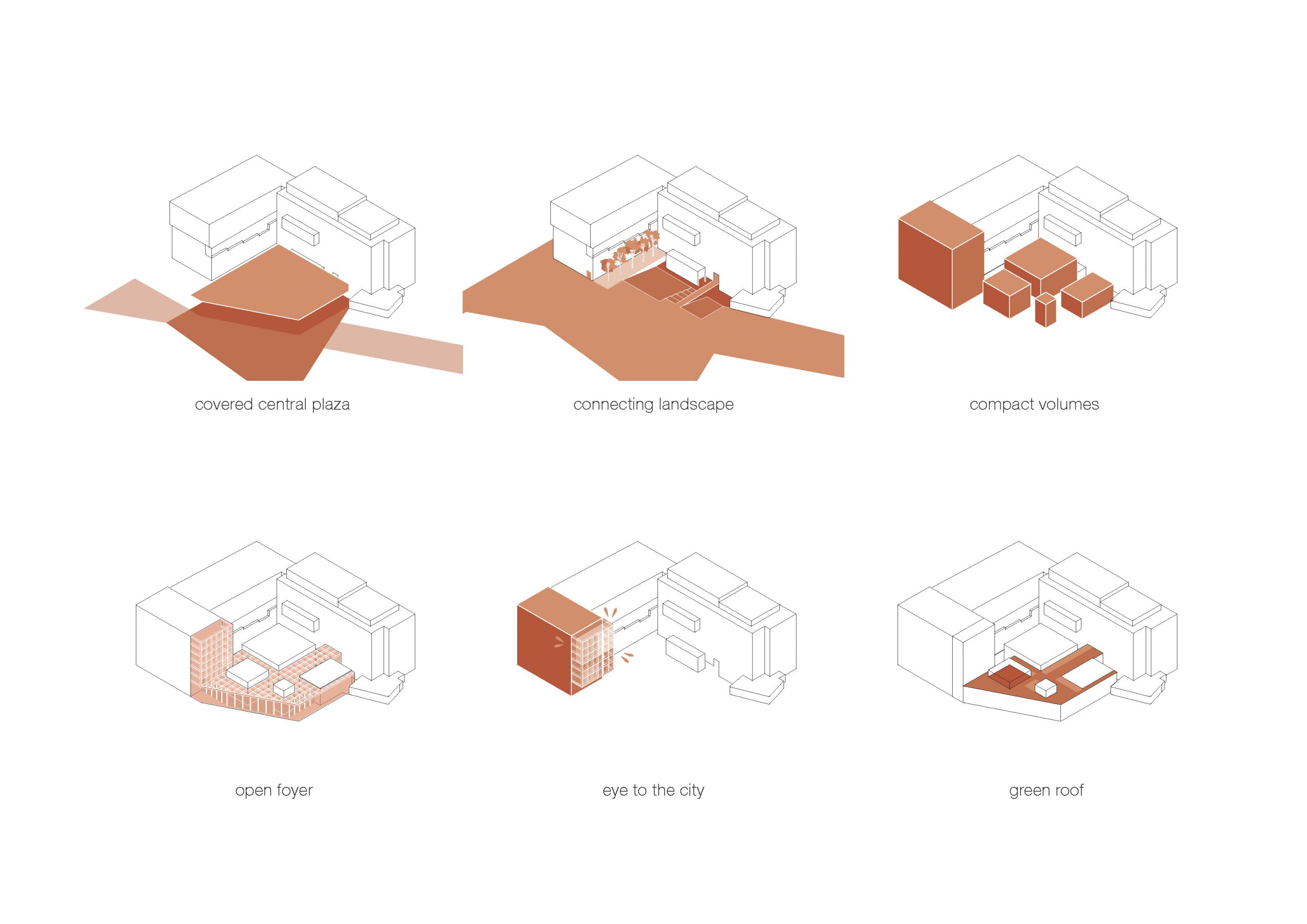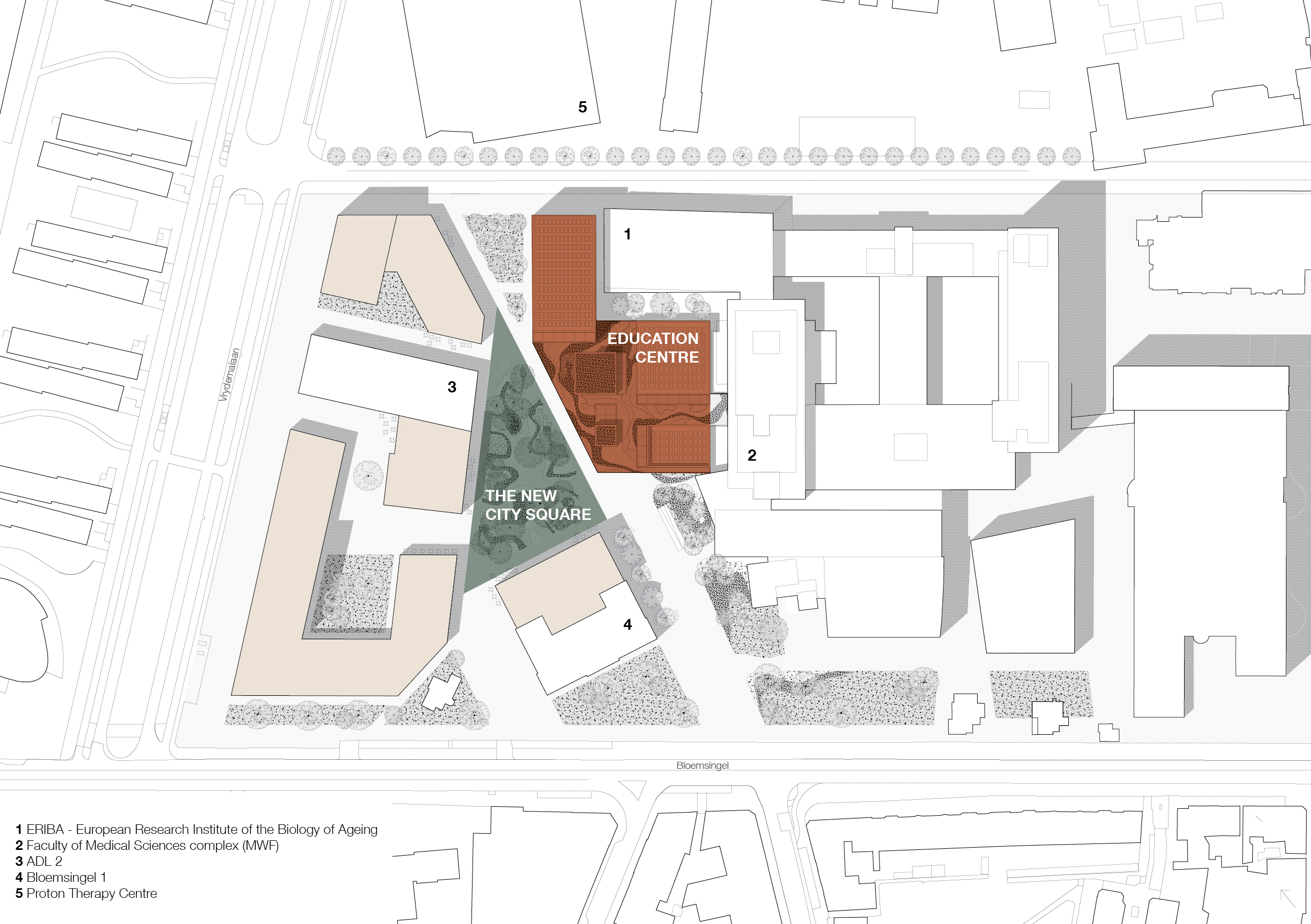 In the past, the gradual expansion of the campus created a sprawling network of buildings with complex internal relations. The new Education Centre will re-establish the flows and clearly define the public space, becoming a central accessible core for the University and functioning as the main entrance for the Healthy Ageing Campus. The complex will rise between the ERIBA building, the Faculty of Medical Science complex and the new Proton Therapy Centre of the University Medical Center Groningen, joining a cluster of existing structures with shared facilities that provide access to the clinic, research facilities and companies.
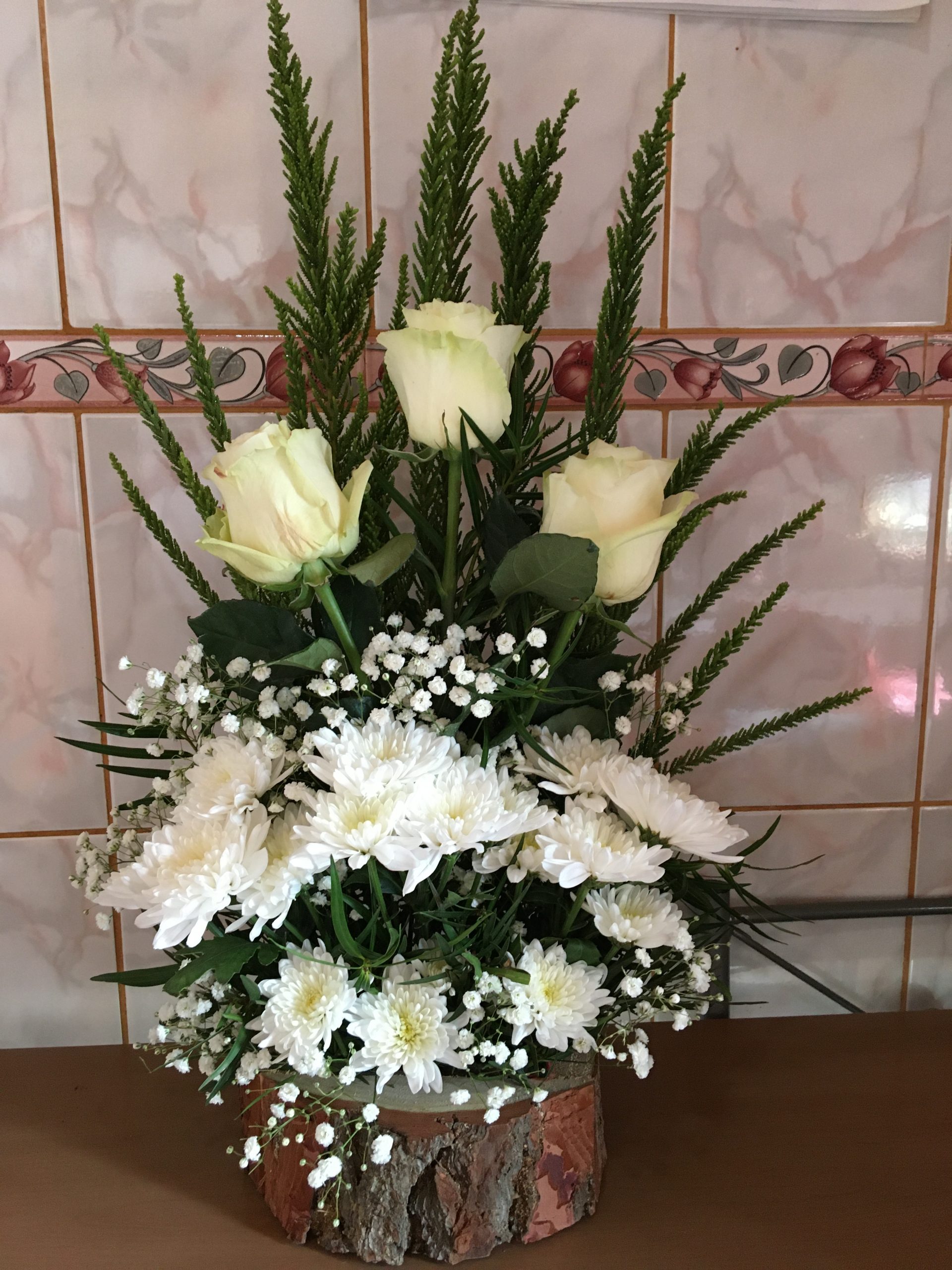 Arreglo 3 rosas más maule en base de madera rústica
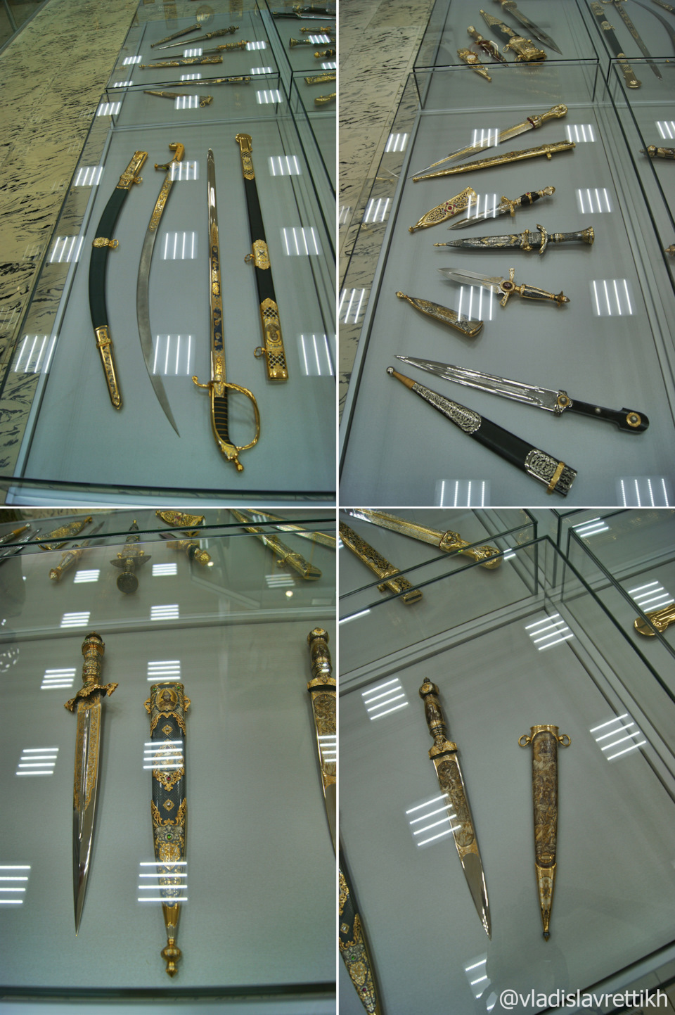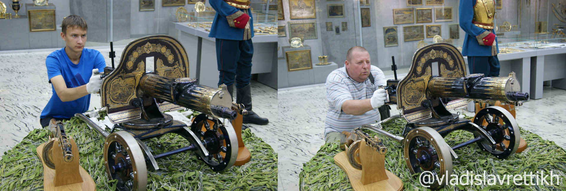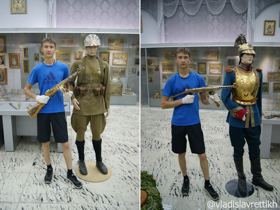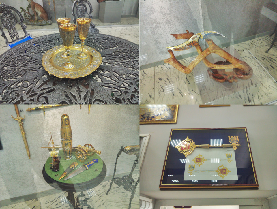 На нижнем фото представлены: «Золотой» пистолет Макарова. Использованные материалы: никель – 5 мкм., золото – 7 мкм. Техника исполнения: многоступенчатый цикл нанесения художественной гравюры на стали, рисовка кистью, травление, золочение, чернение, никелирование, гравировка резцом, подрезка, чеканка, ювелирные работы. Цена: 50 тыс. руб.; «Золотой» Револьвер-Наган. Использованные материалы: никель – 5 мкм., золото – 7 мкм. Цена: 85 тыс. руб.; Золочёный ППШ с портретом И. В. Сталина. Стоит отметить, что ещё в 1927 г., в ознаменование 10-летия Октябрьской революции в Златоусте было налажено производство наградных топоров, украшенных художественной гравировкой на трудовую и боевую тематику, а также портретами Ленина и Сталина.Две верхние фотографии: Чехословацкий золочёный ручной пулемёт времён Второй мировой войны – ММГ ZB-30 (Mg-30), 1930 г., состоявший на вооружении 24 стран мира. Левый низ – «золотой» ППШ. Использованные материалы: никель – 5 мкм., золото – 5 мкм. Цена: 460 тыс. руб. Правый низ – золочёный ручной пулемёт ДП-27, 1928 г. Один из первых образцов стрелкового оружия, созданных в СССР. Максимальная дальность: до 2500 м., вид боепитания: плоский дисковый магазин на 47 патронов. Всего было выпущено 795 000 шт.Украшенный пулемёт системы Максима, образца 1910/30 г., специально украшенный к 70-летию победы в Великой Отечественной войне. Разработанный британским оружейником Хайремом Стивенсом Максимом в 1883 г, русский вариант «Максим» прошёл модернизацию на Тульском оружейном заводе в начале XX в. Был изготовлен в 1944 г. на Ижевском механическом заводе, о чем свидетельствуют соответствующие клейма на поверхности пулемёта. Автором украшения пулемёта стал С.Ф. Чернов – один из ведущих гравёров фабрики, Член Союза художников России и лауреат Государственной премии РФ в области искусства. В соответствии с темой пулемёт украсили изображения скульптур «Родина-мать зовёт» и «Воин-освободитель», батальные сцены с применением пулемёта, медали за оборону городов-Героев и традиционные узоры. Все детали пулемёта вплоть до колёс покрыты Златоустовской гравюрой, которая на поверхности металла помимо красоты выполняет защитные функции против коррозии. Вес пулемёта – 65 кг. Как видно из фото, в музее имеется целых два пулемёта системы Максим.

* * * * * * *

▶ [What the exercise asks] Leaving the pictures out, write out all the material above exactly.

▶ [Answer box]
 In the past, the gradual expansion of the campus created a sprawling network of buildings with complex internal relations. The new Education Centre will re-establish the flows and clearly define the public space, becoming a central accessible core for the University and functioning as the main entrance for the Healthy Ageing Campus. The complex will rise between the ERIBA building, the Faculty of Medical Science complex and the new Proton Therapy Centre of the University Medical Center Groningen, joining a cluster of existing structures with shared facilities that provide access to the clinic, research facilities and companies.
 Arreglo 3 rosas más maule en base de madera rústica
 На нижнем фото представлены: «Золотой» пистолет Макарова. Использованные материалы: никель – 5 мкм., золото – 7 мкм. Техника исполнения: многоступенчатый цикл нанесения художественной гравюры на стали, рисовка кистью, травление, золочение, чернение, никелирование, гравировка резцом, подрезка, чеканка, ювелирные работы. Цена: 50 тыс. руб.; «Золотой» Револьвер-Наган. Использованные материалы: никель – 5 мкм., золото – 7 мкм. Цена: 85 тыс. руб.; Золочёный ППШ с портретом И. В. Сталина. Стоит отметить, что ещё в 1927 г., в ознаменование 10-летия Октябрьской революции в Златоусте было налажено производство наградных топоров, украшенных художественной гравировкой на трудовую и боевую тематику, а также портретами Ленина и Сталина.Две верхние фотографии: Чехословацкий золочёный ручной пулемёт времён Второй мировой войны – ММГ ZB-30 (Mg-30), 1930 г., состоявший на вооружении 24 стран мира. Левый низ – «золотой» ППШ. Использованные материалы: никель – 5 мкм., золото – 5 мкм. Цена: 460 тыс. руб. Правый низ – золочёный ручной пулемёт ДП-27, 1928 г. Один из первых образцов стрелкового оружия, созданных в СССР. Максимальная дальность: до 2500 м., вид боепитания: плоский дисковый магазин на 47 патронов. Всего было выпущено 795 000 шт.Украшенный пулемёт системы Максима, образца 1910/30 г., специально украшенный к 70-летию победы в Великой Отечественной войне. Разработанный британским оружейником Хайремом Стивенсом Максимом в 1883 г, русский вариант «Максим» прошёл модернизацию на Тульском оружейном заводе в начале XX в. Был изготовлен в 1944 г. на Ижевском механическом заводе, о чем свидетельствуют соответствующие клейма на поверхности пулемёта. Автором украшения пулемёта стал С.Ф. Чернов – один из ведущих гравёров фабрики, Член Союза художников России и лауреат Государственной премии РФ в области искусства. В соответствии с темой пулемёт украсили изображения скульптур «Родина-мать зовёт» и «Воин-освободитель», батальные сцены с применением пулемёта, медали за оборону городов-Героев и традиционные узоры. Все детали пулемёта вплоть до колёс покрыты Златоустовской гравюрой, которая на поверхности металла помимо красоты выполняет защитные функции против коррозии. Вес пулемёта – 65 кг. Как видно из фото, в музее имеется целых два пулемёта системы Максим.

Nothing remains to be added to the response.